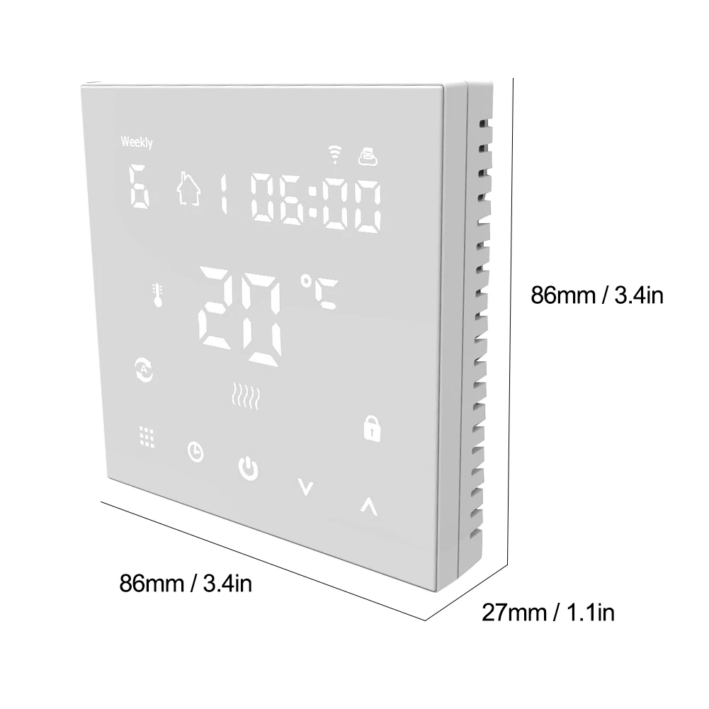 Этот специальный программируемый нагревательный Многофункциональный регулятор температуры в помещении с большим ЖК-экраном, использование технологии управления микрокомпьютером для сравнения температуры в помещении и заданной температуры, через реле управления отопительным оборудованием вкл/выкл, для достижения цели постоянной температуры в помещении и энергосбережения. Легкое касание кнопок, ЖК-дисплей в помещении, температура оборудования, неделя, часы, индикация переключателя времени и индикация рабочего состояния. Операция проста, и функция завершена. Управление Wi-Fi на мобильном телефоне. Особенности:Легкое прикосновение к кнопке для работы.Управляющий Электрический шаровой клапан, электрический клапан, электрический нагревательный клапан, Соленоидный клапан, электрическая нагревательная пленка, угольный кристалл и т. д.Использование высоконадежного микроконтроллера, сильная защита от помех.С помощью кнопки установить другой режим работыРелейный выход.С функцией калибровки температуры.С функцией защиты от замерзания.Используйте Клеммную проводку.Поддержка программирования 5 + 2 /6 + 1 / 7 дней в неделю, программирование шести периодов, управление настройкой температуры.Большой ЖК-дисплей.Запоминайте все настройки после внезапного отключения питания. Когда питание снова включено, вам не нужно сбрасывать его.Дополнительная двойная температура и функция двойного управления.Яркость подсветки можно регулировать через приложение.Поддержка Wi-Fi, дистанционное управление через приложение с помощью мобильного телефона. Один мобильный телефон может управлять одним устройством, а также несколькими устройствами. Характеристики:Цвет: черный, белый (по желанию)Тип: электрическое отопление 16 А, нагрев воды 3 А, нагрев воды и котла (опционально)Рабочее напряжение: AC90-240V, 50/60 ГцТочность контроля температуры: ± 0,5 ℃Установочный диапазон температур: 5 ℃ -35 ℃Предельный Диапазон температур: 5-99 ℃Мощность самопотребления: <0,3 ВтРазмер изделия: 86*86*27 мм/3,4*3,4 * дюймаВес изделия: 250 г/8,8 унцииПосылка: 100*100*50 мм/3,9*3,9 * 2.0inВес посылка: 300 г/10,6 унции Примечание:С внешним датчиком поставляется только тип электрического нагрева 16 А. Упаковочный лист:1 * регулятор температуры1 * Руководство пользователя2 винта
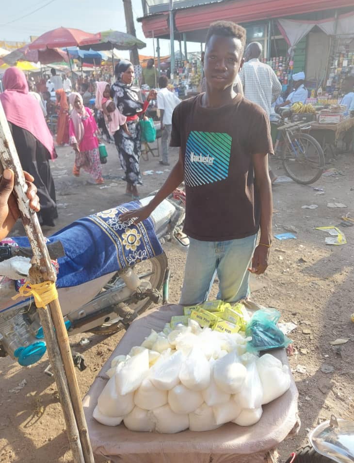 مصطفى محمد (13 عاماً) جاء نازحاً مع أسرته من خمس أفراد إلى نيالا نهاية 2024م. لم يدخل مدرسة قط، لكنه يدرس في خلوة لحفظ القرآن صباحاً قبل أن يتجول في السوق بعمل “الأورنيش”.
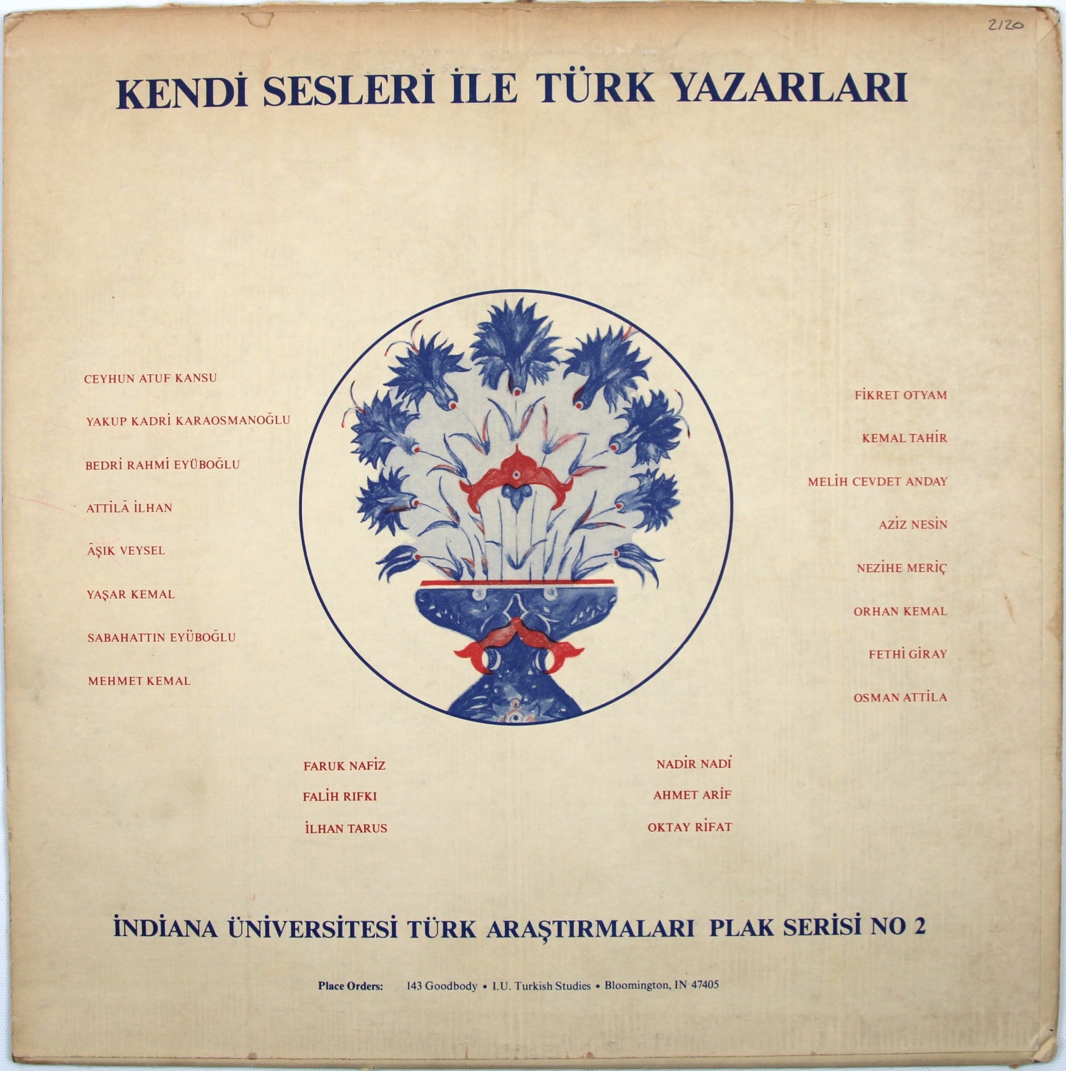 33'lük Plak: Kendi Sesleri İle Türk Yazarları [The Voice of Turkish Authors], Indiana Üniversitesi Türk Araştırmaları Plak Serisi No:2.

+--

▶ Exercise objective
A word-for-word copy is required of the lines above from the line with "مصطفى محمد (13" through the last line of the data; no other lines and no pictures belong in it.

▶ Written response
 مصطفى محمد (13 عاماً) جاء نازحاً مع أسرته من خمس أفراد إلى نيالا نهاية 2024م. لم يدخل مدرسة قط، لكنه يدرس في خلوة لحفظ القرآن صباحاً قبل أن يتجول في السوق بعمل “الأورنيش”.
 33'lük Plak: Kendi Sesleri İle Türk Yazarları [The Voice of Turkish Authors], Indiana Üniversitesi Türk Araştırmaları Plak Serisi No:2.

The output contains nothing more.